In the GWO algorithm, the positions of the fittest solutions, that is, α, β, and δ, are updated first, followed by the re-positioning of the other search agents (ω) based on Eqs. (5), (6) and (7) [55].

$${\overrightarrow{D}}_{\alpha }=\left|{\overrightarrow{C}}_{1} \cdot {\overrightarrow{X}}_{\alpha }-\overrightarrow{X}\right|$$
(5)
$${\overrightarrow{D}}_{\beta }=\left|{\overrightarrow{C}}_{2} \cdot {\overrightarrow{X}}_{\beta }-\overrightarrow{X}\right|$$
(6)
$${\overrightarrow{D}}_{\delta }=\left|{\overrightarrow{C}}_{3} \cdot {\overrightarrow{X}}_{\delta }-\overrightarrow{X}\right|$$
(7)

where \({\overrightarrow{D}}_{\alpha }\), \({\overrightarrow{D}}_{\beta }\), and \({\overrightarrow{D}}_{\delta }\) denotes the step size of ω with regards to α, β, and δ, with their respective as \({\overrightarrow{X}}_{\alpha }\), \({\overrightarrow{X}}_{\beta }\), and \({\overrightarrow{X}}_{\delta }\). \({\overrightarrow{C}}_{1}\), \({\overrightarrow{C}}_{2}\) and \({\overrightarrow{C}}_{3}\) are randomly initiated vectors and \(\overrightarrow{X}\) is the current solution location.

After the distances are defined, \(\overrightarrow{X}\left(t+1\right)\) which denotes the final position of the current solution is subsequently computed by Eqs. (8), (9), (10) and (11) [55].

$${\overrightarrow{X}}_{1}= {\overrightarrow{X}}_{\alpha }- {\overrightarrow{A}}_{1}({\overrightarrow{D}}_{\alpha })$$
(8)
$${\overrightarrow{X}}_{2}= {\overrightarrow{X}}_{\beta }- {\overrightarrow{A}}_{2}({\overrightarrow{D}}_{\beta })$$
(9)
$${\overrightarrow{X}}_{3}= {\overrightarrow{X}}_{\delta }- {\overrightarrow{A}}_{3}({\overrightarrow{D}}_{\sigma })$$
(10)
$$\overrightarrow{X}\left(t+1\right)= \frac{{\overrightarrow{X}}_{1}+{\overrightarrow{X}}_{2}+ {\overrightarrow{X}}_{3}}{3}$$
(11)

The capabilities of GWO enhanced due to the random adaptiveness of \(\overrightarrow{A}\) and \(\overrightarrow{C}.\) These parameters enable the algorithm to balance when exploring and exploiting a search space.
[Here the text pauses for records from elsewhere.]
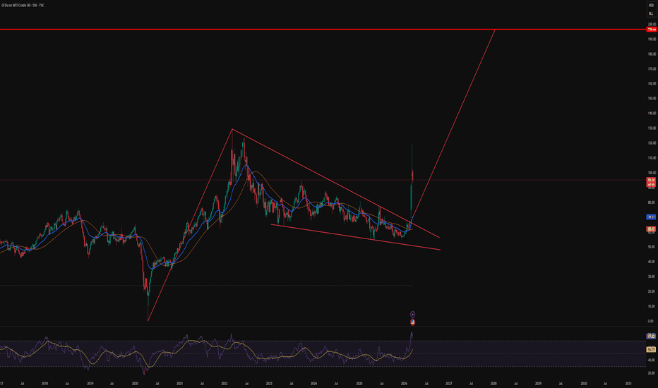 WTI breaking out of a flag, targeting $200 per barrel.
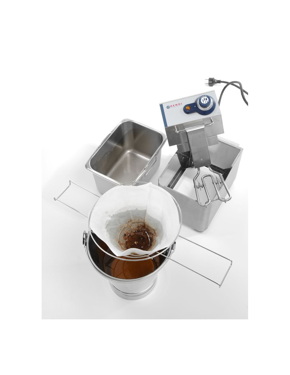 Oumbärlig inom professionell gastronomi – förlänger effektivt oljans livslängd tack vare effektiv filtrering. Tillverkad av syntetiskt siden. Extremt hållbar, med värmebeständighet upp till 200 °C. Fångar effektivt upp föroreningar, inklusive matpartiklar som kan leda till fettantändning. Som ett resultat optimerar de användningen av friteringsutrustning. Med livsmedelskontaktdeklaration.
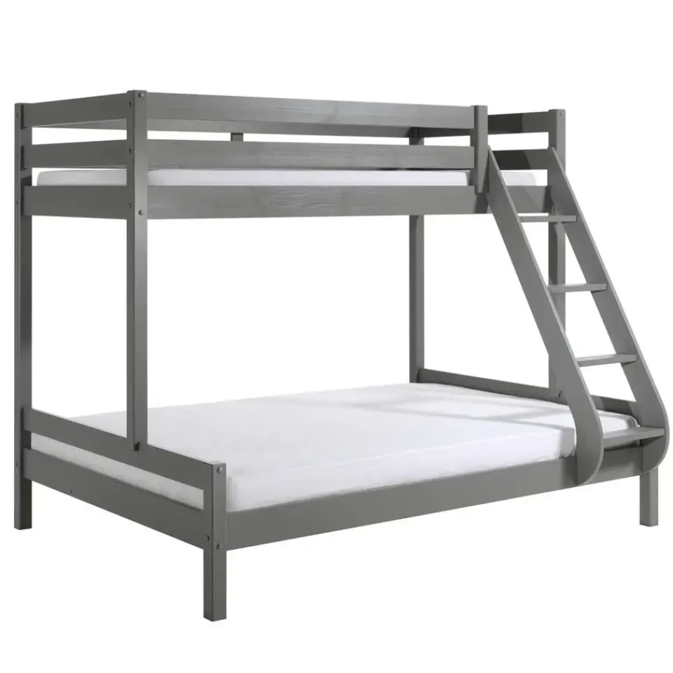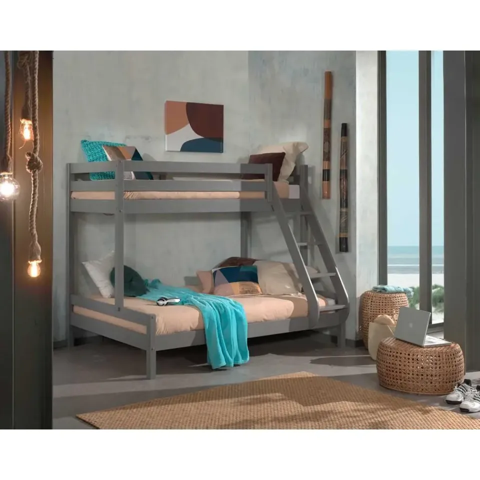 Dit grijze stapelbed is gemaakt van massief den en beschikt over stevige poten van 6,5 x 6,5 cm. De lattenbodems zijn inbegrepen. De lak is op waterbasis en bevat geen schadelijke stoffen.
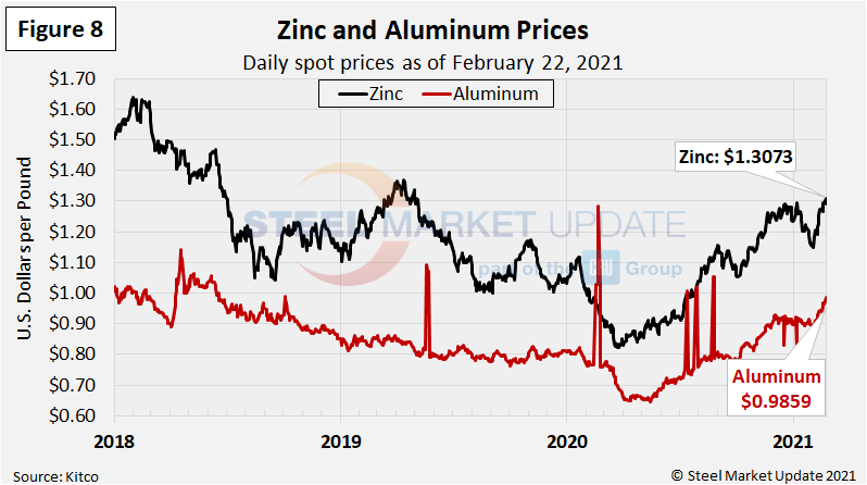 Zinc, used to make galvanized and other products, has steadily risen since March 2020, reaching a 21-month high this week (Figure 8). The LME cash price per pound of zinc as of Feb. 22 was $1.3073, up 57 percent from the March 2020 low of $0.8236. The price of zinc factors into the coating extras charged by the mills for galvanized products. Many mills revised their coating extras upwards in December to reflect the higher zinc price. Aluminum prices, which factor into the price of Galvalume, have been trending upwards over the last few months and are at a multi-year high. Note that aluminum prices often have large swings and return to typical levels within a few days, as seen in the graphic below. The LME cash price per pound of aluminum was $0.9859 as of Feb. 22, and has been hovering around $0.90 since late-November 2020.
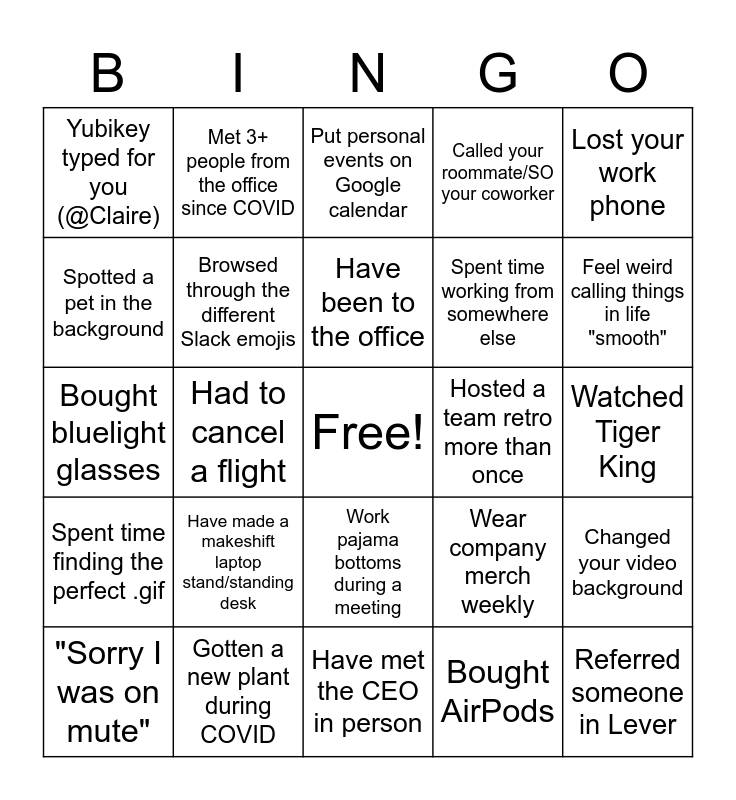 This bingo card has a free space and 24 words: Have made a makeshift laptop stand/standing desk, Gotten a new plant during COVID, Have been to the office, "Sorry I was on mute", Lost your work phone, Yubikey typed for you (@Claire), Spotted a pet in the background, Met 3+ people from the office since COVID, Hosted a team retro more than once, Work pajama bottoms during a meeting, Spent time working from somewhere else, Bought bluelight glasses, Wear company merch weekly, Changed your video background, Browsed through the different Slack emojis, Bought AirPods, Watched Tiger King, Put personal events on Google calendar, Feel weird calling things in life "smooth", Had to cancel a flight, Referred someone in Lever, Spent time finding the perfect .gif, Called your roommate/SO your coworker and Have met the CEO in person.
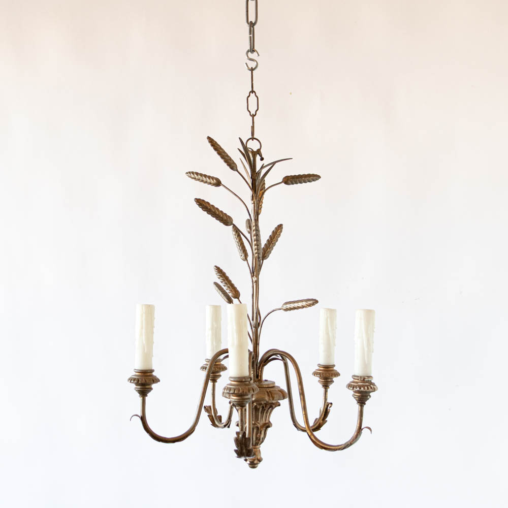 Elongated Iron Chandelier with Primitive Fleur de Lis

Thus, \(\overrightarrow{A}\) initiates the exploration of search space and \(\left|\overrightarrow{A}\right|>1\) prompts candidate solutions to diverge from a weaker prey in search of a fitter one. Similarly, candidate solutions converge toward the prey when \(\left|\overrightarrow{A}\right|<1 \overrightarrow{C}=\left[0, 2\right]\left[\mathrm{0,2}\right]\). which a random vector secondarily specifies weights for the prey considering its location from the wolf [55]. Table 1 presents the pseudo-code for the GWO algorithm.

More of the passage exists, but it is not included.